Хотя в ту пору, когда Лев жил на Кавказе, тамошние крестьяне не знали грамоты, они были полностью погружены в традиции собственной словесности. От деревни к деревне шествовали странствующие поэты-ашуги — точь-в-точь как в Персии, расплачивавшиеся стихами за приносимые им подарки, лакомства, за общую любовь и расположение. Лев узнал, что даже самые бедные крестьяне ценили хорошую поэзию, причем готовы были отдать все, что сами имели, за право слушать стихи. Он присутствовал на одном из последних «поэтических состязаний» ашугов. Такие состязания привлекали участников из окрестных деревень, при этом ни положение в обществе, ни богатство не играли роли — важен был лишь талант. Участники встречались на площади, прямо под открытым небом и сражались друг с другом в любом из поэтических жанров. Зачастую ашуги просили присутствующих предложить тему, а затем развивали ее. Описывая в «Али и Нино» такое состязание, автор стремился с его помощью показать, насколько древние горские традиции отличались от происходящего в современном мире, где размыто всякое понятие о чести.

Проезжая через горную местность, Лев впервые за все послереволюционные годы чувствовал себя свободным и счастливым. В то время склоны гор еще были усеяны высокими каменными башнями, на протяжении многих веков они служили прибежищами мирным жителям на случай войны. Большевики, когда им удалось окончательно закрепиться в этом регионе, приказали снести эти башни, как «пережитки феодализма».

Но и сегодня, в наши дни, то тут, то там, среди придорожных лугов все еще можно увидеть их основания.
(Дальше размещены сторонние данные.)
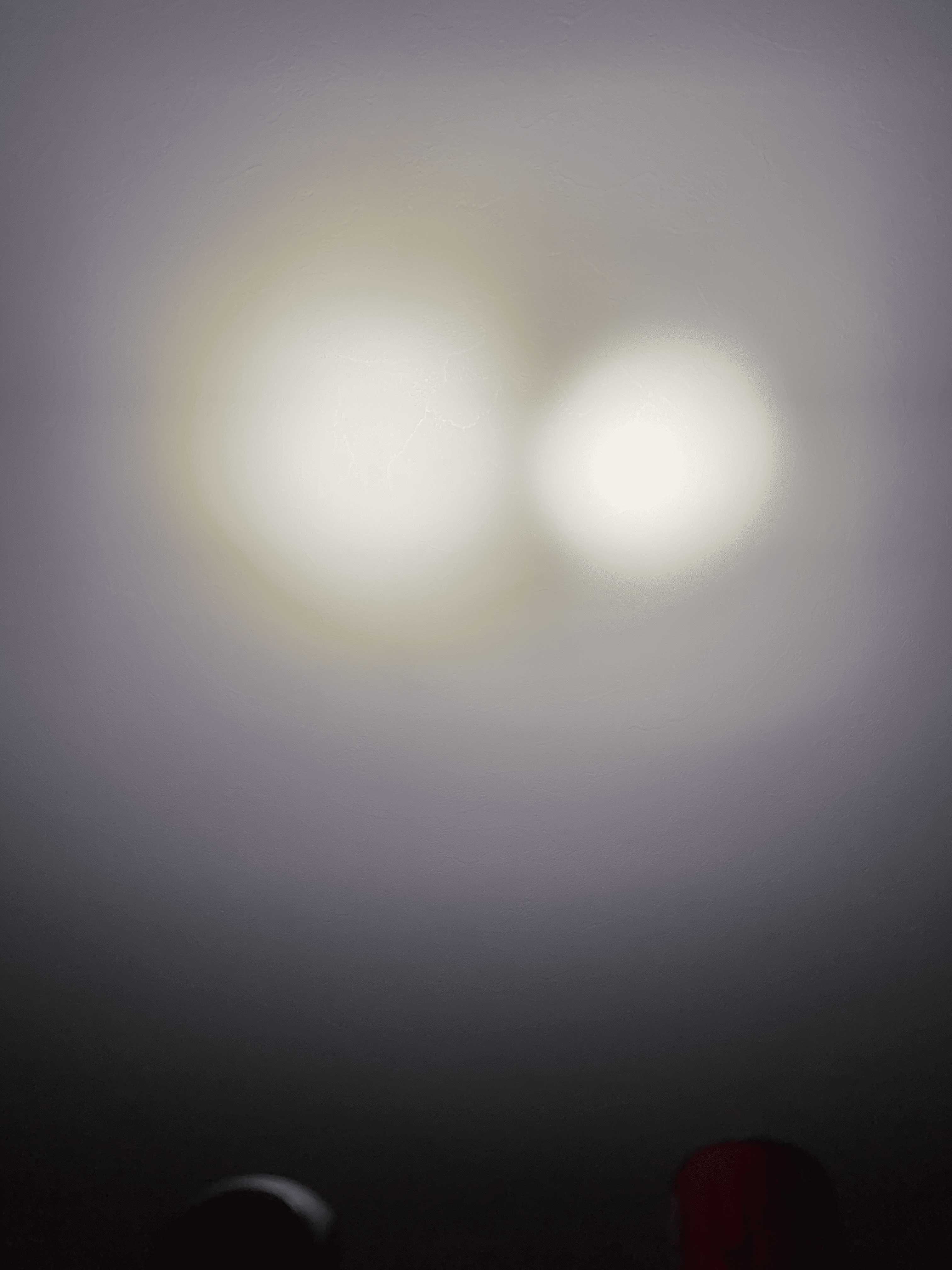 上の写真は、左側がPerun2miniで、右側がwarrior3sです。くっきりしたスポットではありません。照射距離は最大150mで最大出力は1100ルーメンと高性能です。

Если переход с караваном через пустыни Туркестана вдохновил Льва на книги и статьи о местных обычаях и об исламе, то поездка верхом вдоль грузино-азербайджанской границы заложила основу для его книг о Кавказе. Пустыня и горы слились в его сознании, создав духовную альтернативу все сокрушающему гнету революции, тоталитаризма и мировой войны. Пока на просторах Кавказа полыхала гражданская война, шла борьба между большевиками и националистами, жители этой приграничной территории по-прежнему сражались в символических средневековых поединках, используя выкованное ими самими оружие, в окружении невероятной, сказочной тишины и спокойствия. И неважно, носили они кресты и кольчуги, как хевсуры, или же бились на конных турнирах, используя палицы и булавы, подобно пехлевийцам, все они казались Льву детьми, которые в своих заколдованных лесах не ведали ничего об окружающем их взрослом мире, увлеченно играя в свои смешные и бурные игры. Ему встречались также «дьяволопоклонники», или езиды, которые, хотя и вызывали страх у жителей окрестных деревень, оказались на поверку людьми вполне безобидными, мирными и даже робкими. Езиды вовсе не выступали против Бога, как европейские поклонники сатаны, они лишь придерживались дуалистской точки зрения на все сущее, согласно которой просить милости следует не только у Бога, но и у дьявола. Согласно их верованиям, Бог всемилостив, а потому умиротворению дьявола нужно уделять куда больше времени. Селение езидов добавило еще один, ключевой аргумент в сложившуюся у Льва концепцию, что Кавказ является своего рода охранной зоной, заповедником, куда не проникают догмы современного мира. В этническом отношении езиды родственны курдам. В религиозном представляют собой некий гибрид всех основных верований, существовавших на Кавказе, — ислама, иудаизма, христианства и зороастризма, причем влияние последнего было определяющим. Езиды боялись солнечного света, им была ближе темнота, однако они также поклонялись солнцу как глазу Бога и огню как источнику жизни во вселенной. Они практиковали обряд посвящения в свою веру и обрезание. Их ограничения в отношении пищи касались не только мяса, но и некоторых овощей. Их учение передавалось изустно, и в этом смысле представляло собой поэтические предания гор, которые слегка изменялись от одного рассказчика к другому.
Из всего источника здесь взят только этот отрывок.